Consideration
38 Dr Verney's letter of 14 May 2012 and his statement of reasons both proceeded on the basis that the issues raised in the 2012 application had been fully considered by Senator Colbeck when he made his decision in 2006 to reject the 2005 application. Dr Verney identified that Senator Colbeck's earlier consideration was one reason why he had decided to exercise, what he termed, his discretion not to reconsider the request for an act of grace statement. The second basis which Dr Verney said he had for that exercise of discretion was that the information in the 2012 application "… did not represent new information that warranted reconsideration" (emphasis added).
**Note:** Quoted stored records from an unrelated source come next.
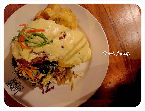 而我們的晚餐選擇了要去坐纜車又要爬的樓梯下來就一眼可見的Lone Star :)
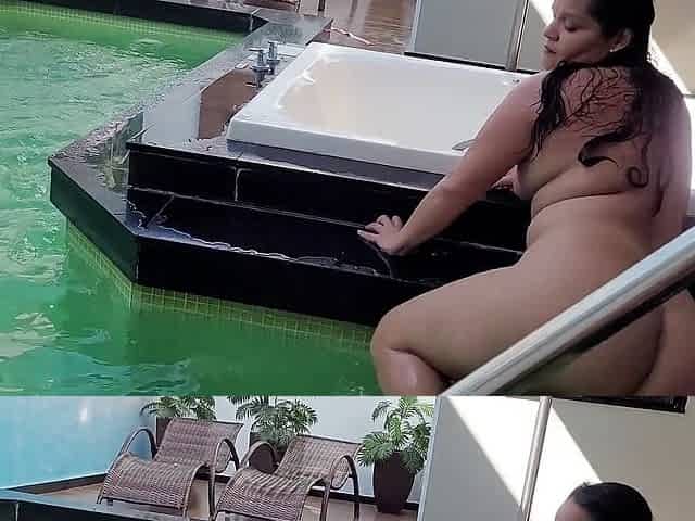 Gal with a large butt passionately screws in the jacuzzi in a motel in Cali
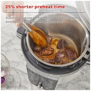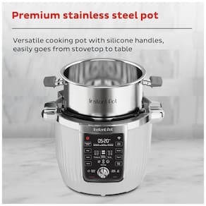 Panela elétrica multifuncional Instant Pot PRO Max 10 em 1 com funções de pressão, lenta, refogar, vapor, sous vide, arroz, iogurte, aquecer, assar e NutriBoost. Integração com aplicativo Instant Connect e panela de aço inoxidável com núcleo de alumínio.Lâmpada piloto
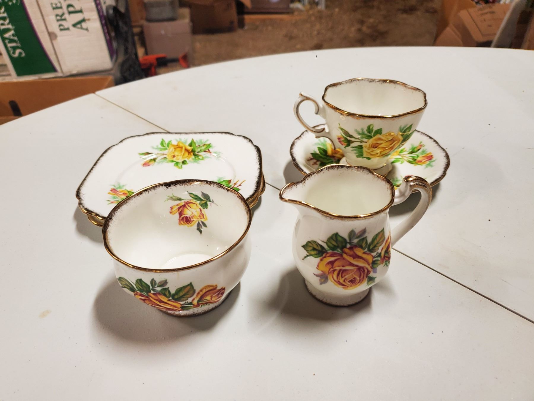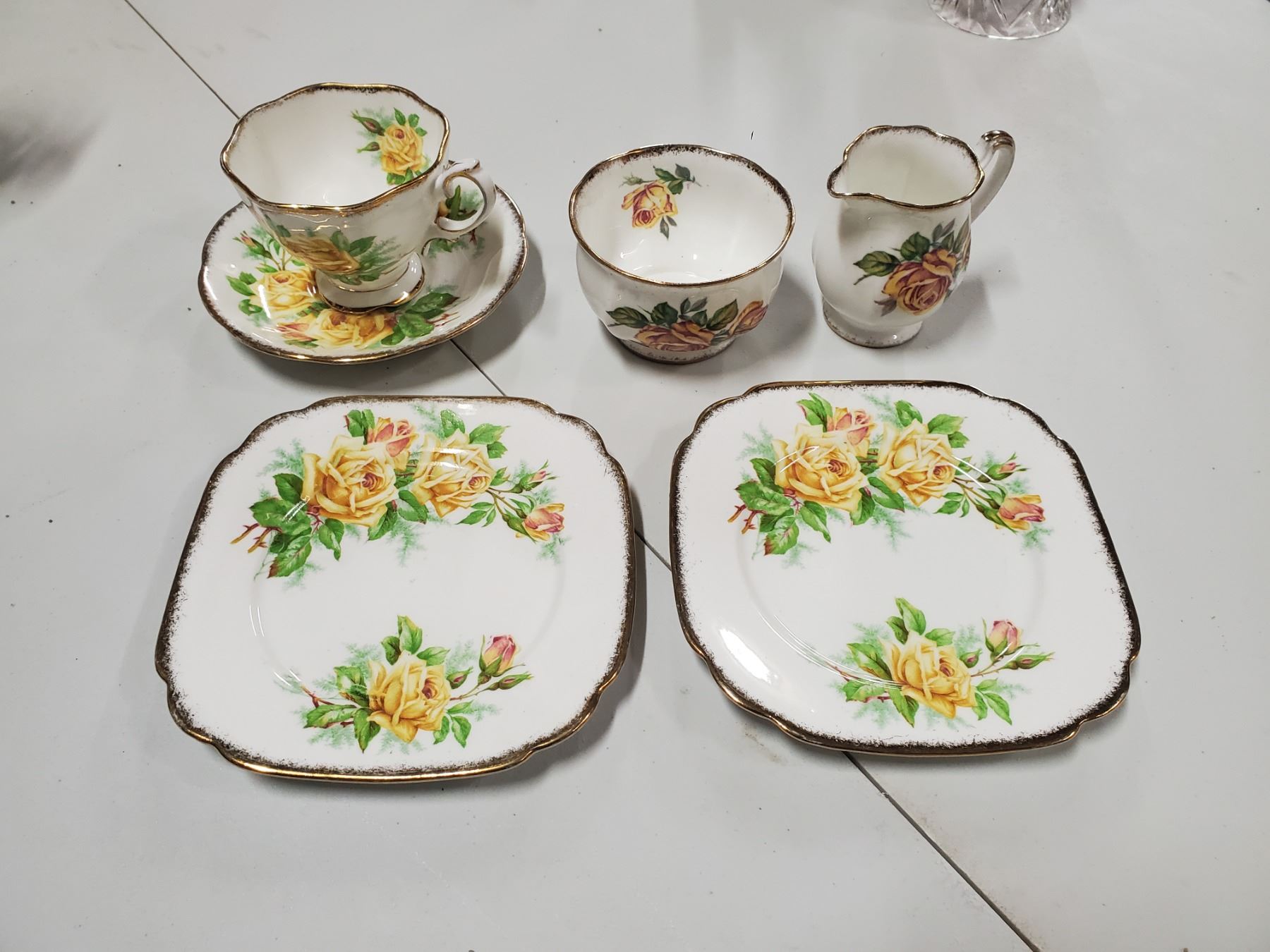Royal Albert 'Tea Rose' plates, cup & saucer + Royal Standard 'Romany Rose' cream & sugar

Dr Verney identified, as a matter that he had taken into account in that exercise of his discretion, a policy that generally a request for a payment under s 33(1) would not be reconsidered unless it could be shown that the decision-maker had made a serious mistake or relevant new information warranting reconsideration were provided.
39 It may be accepted that Senator Colbeck fully considered the 2005 application in arriving at his decision to decline to make a payment. However, that application was put on a very different basis to the 2012 application. Unlike the 2012 application, the 2005 application was unsupported by clearly articulated legal submissions, did not include any supporting medical evidence and was not made by Mrs Tomson. In addition, Mr Tomson had made the 2010 statutory declaration that was included in support of the 2012 application.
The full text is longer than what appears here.